Investigating shotover bugs
This document describes the general process I follow for debugging. There is no need to strictly adhere to it, but maybe you will find something useful here.
Ensure the project has no warnings
The rust compiler's warnings should always be addressed immediately as they can point out program breaking mistakes.
For example a missed .await
will leave a future unresolved but is hard to notice from visual inspection.
I recommend ensuring cargo check --all-targets
returns no errors at all times.
You can set features to reduce runtime e.g. cargo check --all-targets --no-default-features --features kafka
but that will disable some dead code warnings (fine for development).
You can use a tool like bacon or cargo watch to keep track of warnings.
Note that CI will fail if your PR has any warnings anyway, so you'll have to address them all eventually.
Failing test
Write or modify an integration test to reproduce the bug.
Integration tests live at shotover-proxy/tests/
.
Add DebugPrinter
Add DebugPrinter
to the test's topology.yaml
.
This will setup shotover to log every request and response that passes through.
For example:
sources:
- Kafka:
name: "kafka"
listen_addr: "127.0.0.1:9192"
chain:
- DebugPrinter # Add this line here!
- KafkaSinkSingle:
destination_port: 9092
connect_timeout_ms: 3000
For a simple valkey request/response, the logs will look like:
shotover 06:37:14.712042Z INFO connection{id=2 source="valkey"}: shotover::transforms::debug::printer: Request: Valkey Array([BulkString(b"GET"), BulkString(b"bar")])
shotover 06:37:14.712212Z INFO connection{id=2 source="valkey"}: shotover::transforms::debug::printer: Response: Valkey BulkString(b"foo")
Run the test
Run the test by:
cargo nextest run --no-default-features --features kafka kafka_int_tests::passthrough_standard::case_1_java --nocapture
Broken down we have:
--no-default-features --features kafka
will compile only the parts of shotover and the integration tests required for the specified protocol.- This will drastically improve time to compile shotover and the tests, currently it drops from 15s to 5s.

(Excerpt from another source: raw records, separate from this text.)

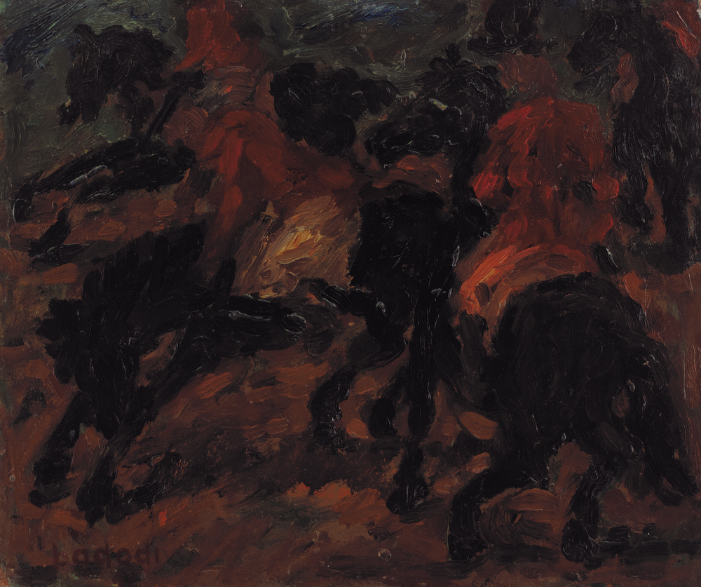 ARNALDO BADODI Milano 17/03/1913 - Disperso In Russia 1943 Caccia alla volpe, 1940 olio su cartone cm. 25x30, firma in basso a sinistra, dichiarazione di Aligi Sassu al retro che cita: "Opera autentica di Arnaldo Badodi regalatami nel 1940".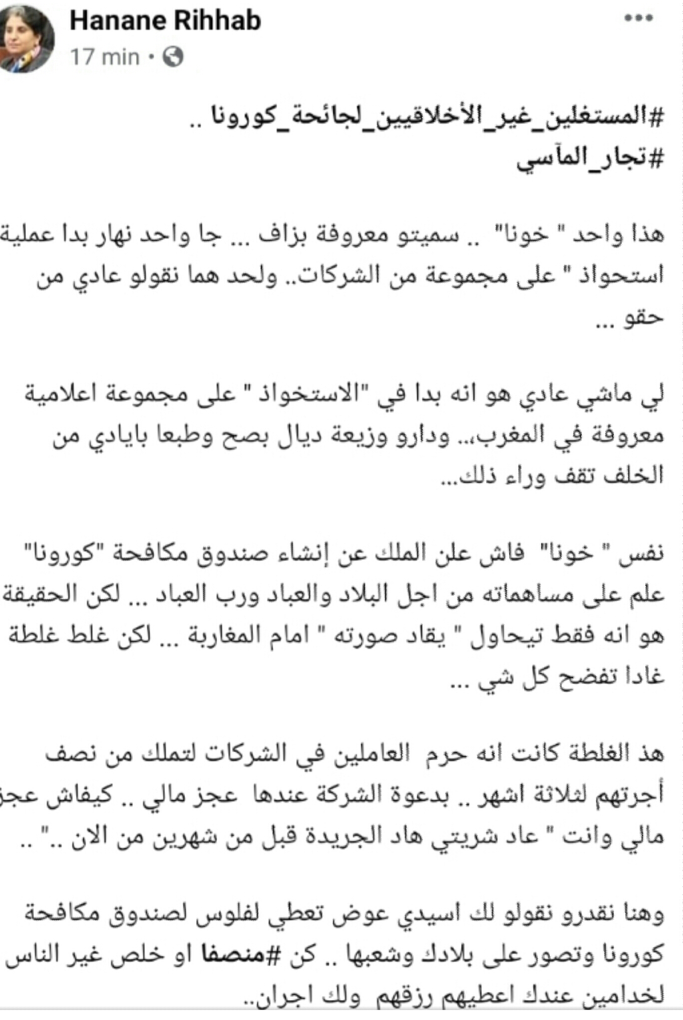 و أضافت رحاب في تدوينتها، ” عوض أن تتبرع لصندوق جائحة كورونا باش تصور على بلادك وشعبها، كن منصفا وخلص الناس اللي خدامين عندك وعطيهم رزقهم ولك أجران”.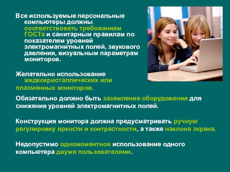 Слайд 5Все используемые персональные компьютеры должны соответствовать требованиям ГОСТа и санитарным правилам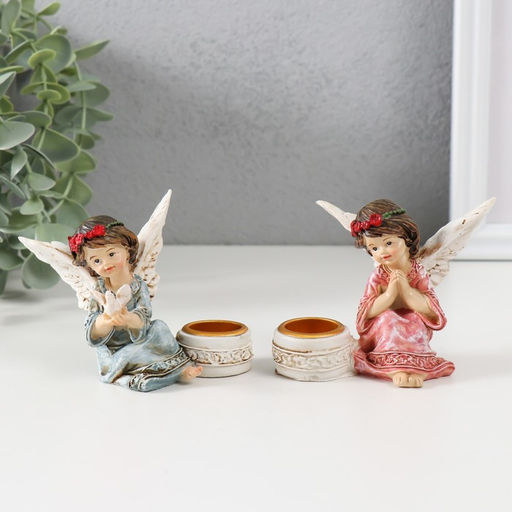 Подсвечник на 1 свечу Ангел в платье с венком, полистоун, d=2.2 см, 7.2?8.7?5.5 см, МИКС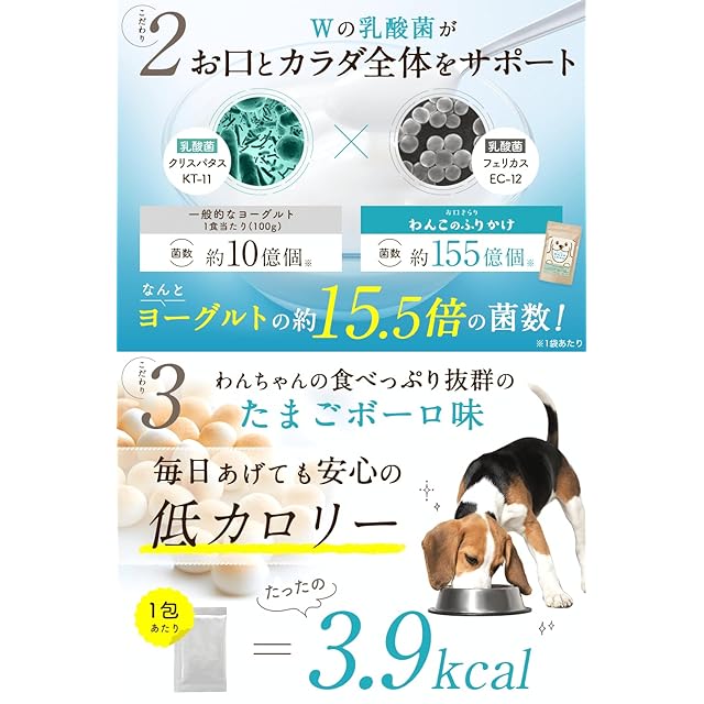 ✅【低カロリーで美味しい味】毎日食べてほしいものだから味にもとことんこだわり、わんちゃんの食べっぷり抜群のたまごボーロ味を採用。また1包あたり、3.9キロカロリーで毎日あげても安心の低カロリーです。

The difference will grow as shotover grows.
- For a full list of features refer to the
[features]
section in shotover-proxy/Cargo.toml
kafka_int_tests::passthrough_standard::case_1_java
the exact name of the test to run.- We could also specify just
kafka_int_tests::passthrough
to run every test inkafka_int_tests
that starts withpassthrough
. Refer to the nextest docs for more advanced filtering.
- We could also specify just
--nocapture
disables the test runner from capturing (and hiding) the test and shotover's stdout+stderr.- By default the test runner captures the output so it can avoid displaying output from a test that passed and is therefore uninteresting.
- Disabling capturing when debugging is useful since:
- Even if the test passed we can still access the logs
- We can see the test output in real time.
- stdout and stderr remain intermingled instead of separated.
Log levels
By default shotover and the integration tests will run at log level INFO. This means INFO
, WARN
and ERROR
level logs will be emitted, while DEBUG
and TRACE
level logs will be dropped.
You can alter the log level used by a test run by running RUST_LOG=DEBUG cargo nextest run ..
.
Exploration
Examine the logs emitted by DebugPrinter
.
From the perspective of a DebugPrinter
in a simple chain that looks like Source
-> DebugPrinter
-> Sink
:
- Requests are coming from the source codec.
- Responses are coming from the sink and into the sink from the sink's codec.
So determine whether to first investigate the source codec or sink by determining if the problem is occurring in the debug printer's requests or responses.
Sprinkle tracing::info!("some log {}", some.variable)
around suspect areas in the codebase to narrow down whats going wrong.
Rerun the test each time to learn more about the behavior of the system and narrow down your search.
Delete these extra logs when you are finished your investigation. Some of them could be downgraded to a tracing::debug!()
and kept if they are found to be generally valuable.